I have a frequency distribution with huge numbers. I want to calculate median and quartiles but R complains. Here is what is working for small numbers:
> TABLE <- data.frame(DATA = c(1,2,3,4,5,6,7,8,9,10,11,12,13,14,15,16,17,18,19), F = c(48,0,192,1152,5664,23040,77952,214272,423984,558720,267840,0,0,0,0,0,0,0,0))
> summary(rep(TABLE$DAT,TABLE$F))
Min. 1st Qu. Median Mean 3rd Qu. Max.
1.000 9.000 10.000 9.397 10.000 11.000
Here is, what I get for huge numbers:
> TABLE <- data.frame(DATA = c(1,2,3,4,5,6,7,8,9,10,11,12,13,14,15,16,17,18,19), F = c(240,0,1200,9600,69600,470400,2992800,17859840,98312880,489292800,2164619760,8325820800,26865302400,68711068800,128967422400,153763315200,96770419200,26824089600,2395008000))
> summary(rep(TABLE$DAT,TABLE$F))
Error in rep(TABLE$DAT, TABLE$F) : invalid 'times' argument
In addition: Warning message:
In summary(rep(TABLE$DAT, TABLE$F)) :
NAs introduced by coercion to integer range
This error does not surprise me because using "rep" I wanted to create an enormous vector. But I do not know, how to avoid this and calculate the median and the quartiles.
Rather than trying to replicate that monster to use summary()

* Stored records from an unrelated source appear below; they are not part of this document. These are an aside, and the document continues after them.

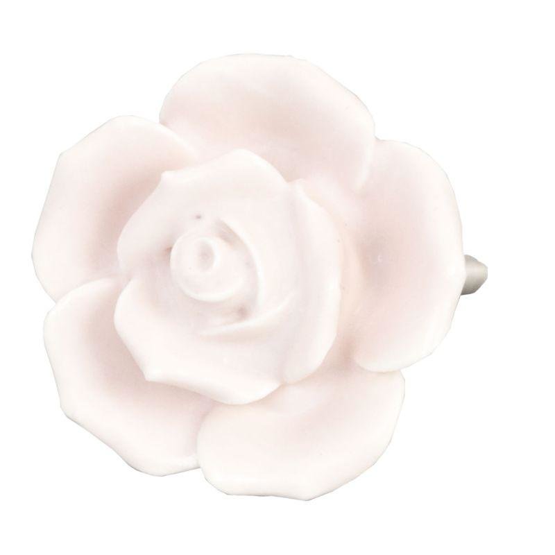 Nádherná keramická nábytková úchytka ve tvaru růžičky ve světle růžové barvě. číst celé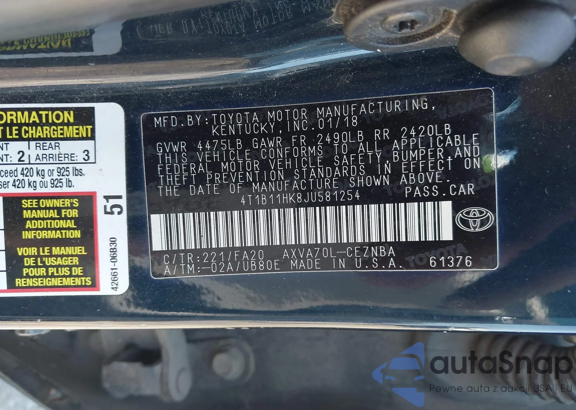 VIN: 4T1B11HK8JU581254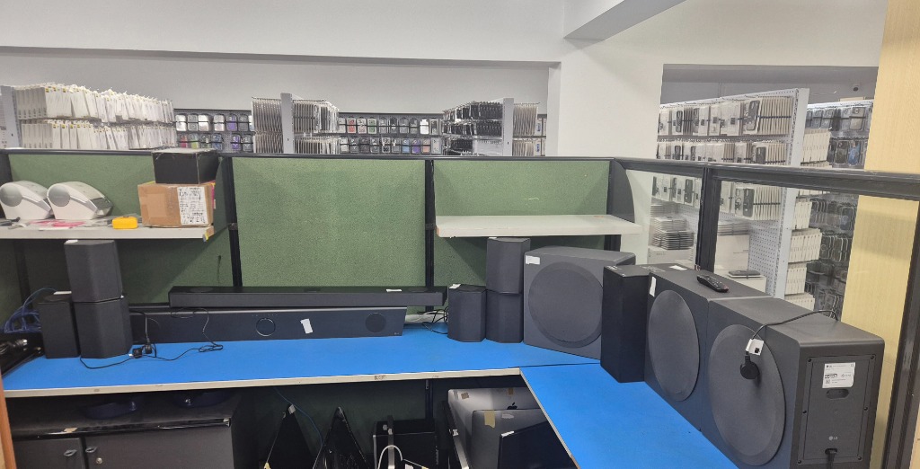 IT & Workshop- LG Surround Sound Speaker System6x tweeters, 3x Soundbar, 4x Subwoofers- 2x Brother QL-500 Recipt Printers- 2x Laptops, Dell Inspiron, s/n: 7LJ9DX2, Asus F555U - Cabinet, Black, Wood Finish- Assorted Computer Components; Harddrives, Circut Boards- L-Shaped Desk, White, Wood Finish- Cubicle Dividers Surrounding DeskNOTE: ALL ELECTRONICS UNTESTED OR MISSING PARTS INSPECTION ADVISEDSOLD AS LOT MUST TAKE ALL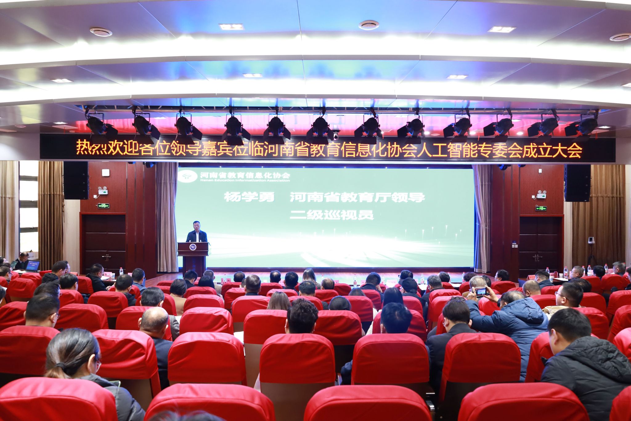 校新闻中心讯 近日,河南省教育信息化协会人工智能专业委员会成立大会在我校召开。河南省教育厅二级巡视员、科技与信息化处处长杨学勇,科技与信息化处主任郭晓枫,河南省教育信息化协会副会长刘守义、秘书长李霞,副校长吴庆涛、穆云超出席会议。来自全省高校、职业院校、基础教育以及人工智能企业的百余名代表参加会议。会议由河南省教育信息化协会副秘书长马照瑞主持。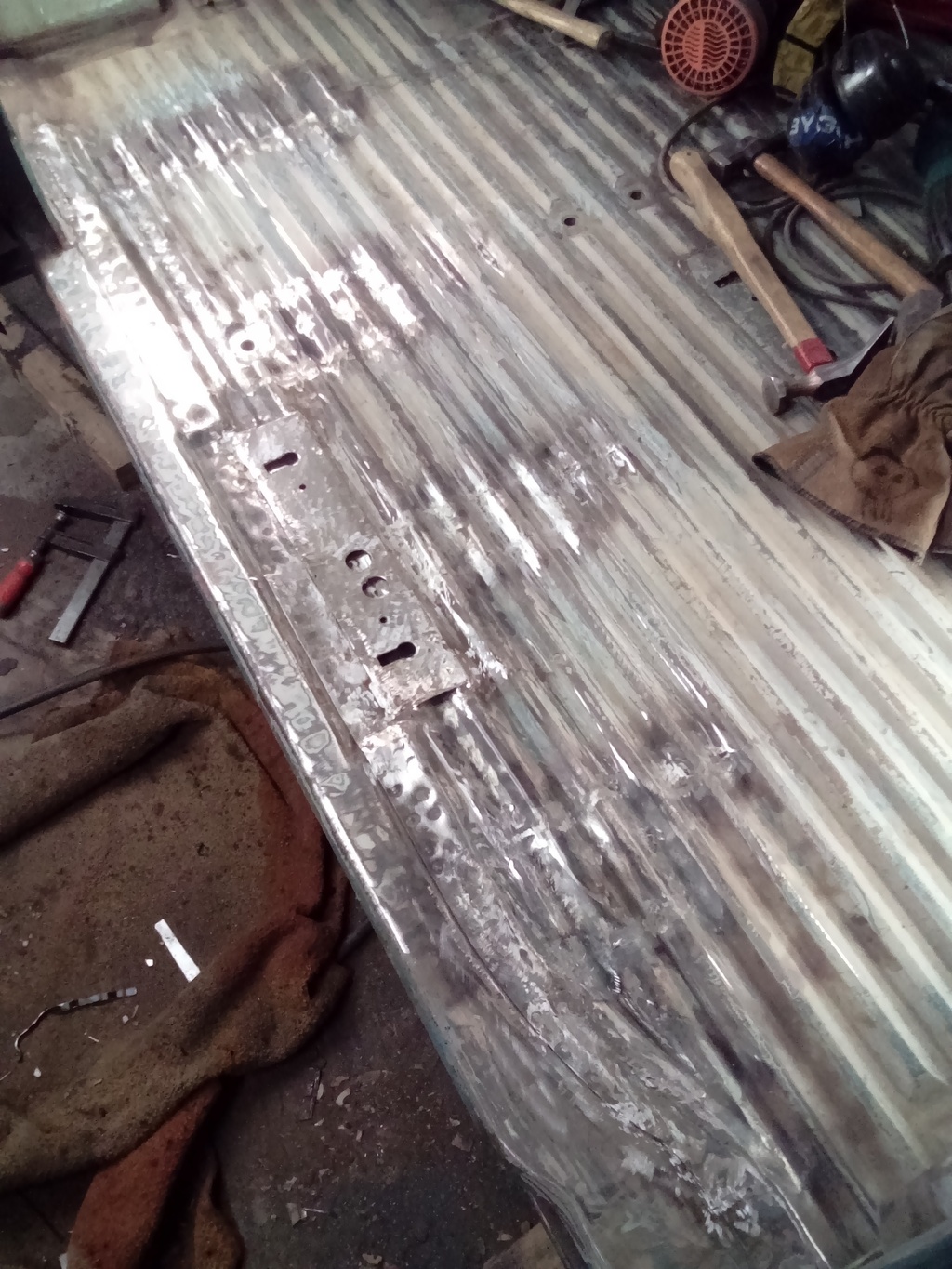 Slipandet av svetsfogar är nog klart klart för den här gången. Känns väldigt skönt att kunna gå vidare. Jag har fortsatt med att laga lite rost och andra hål som inte ska vara kvar.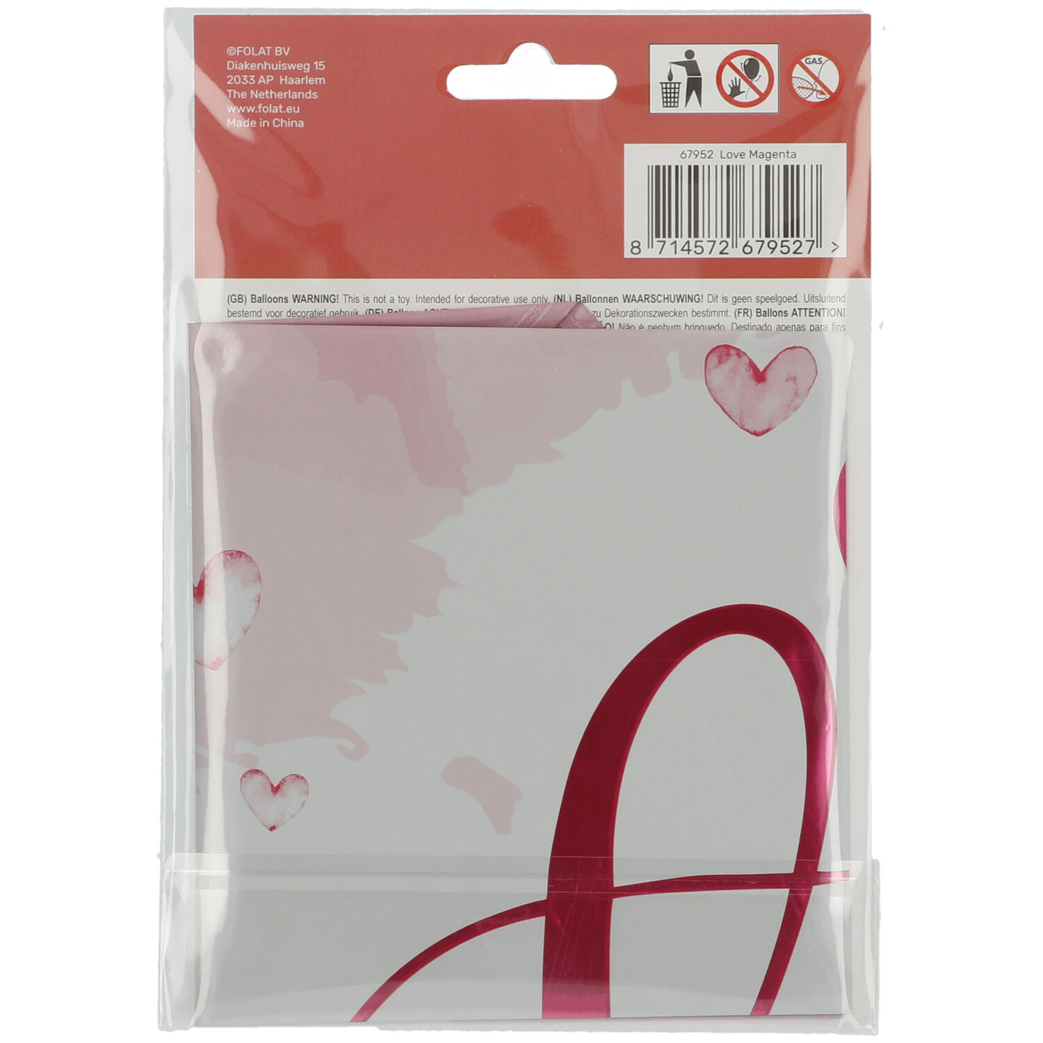 Foil Balloon Heart-shaped Love – 45 cm. Contents: 1 foil balloon. Colour: Pink. You can use this article for the following party occasion(s): Valentine’s Day. The foil balloon is 18 inch/45 cm. The article is made of foil.

you can get "weighted quantiles".
This post has a formula.
But as with most things, once you know the right terms you can find a package
that already does the work!
#install.packages("Hmisc")
TABLE <- data.frame(DATA = c(1,2,3,4,5,6,7,8,9,10,11,12,13,14,15,16,17,18,19), F = c(240,0,1200,9600,69600,470400,2992800,17859840,98312880,489292800,2164619760,8325820800,26865302400,68711068800,128967422400,153763315200,96770419200,26824089600,2395008000))
Hmisc::wtd.quantile(TABLE$DATA, probs = c(0.25, 0.5, 0.75), weight = TABLE$F)
#> 25% 50% 75%
#> 15 16 16
Created on 2018-04-06 by the reprex package (v0.2.0).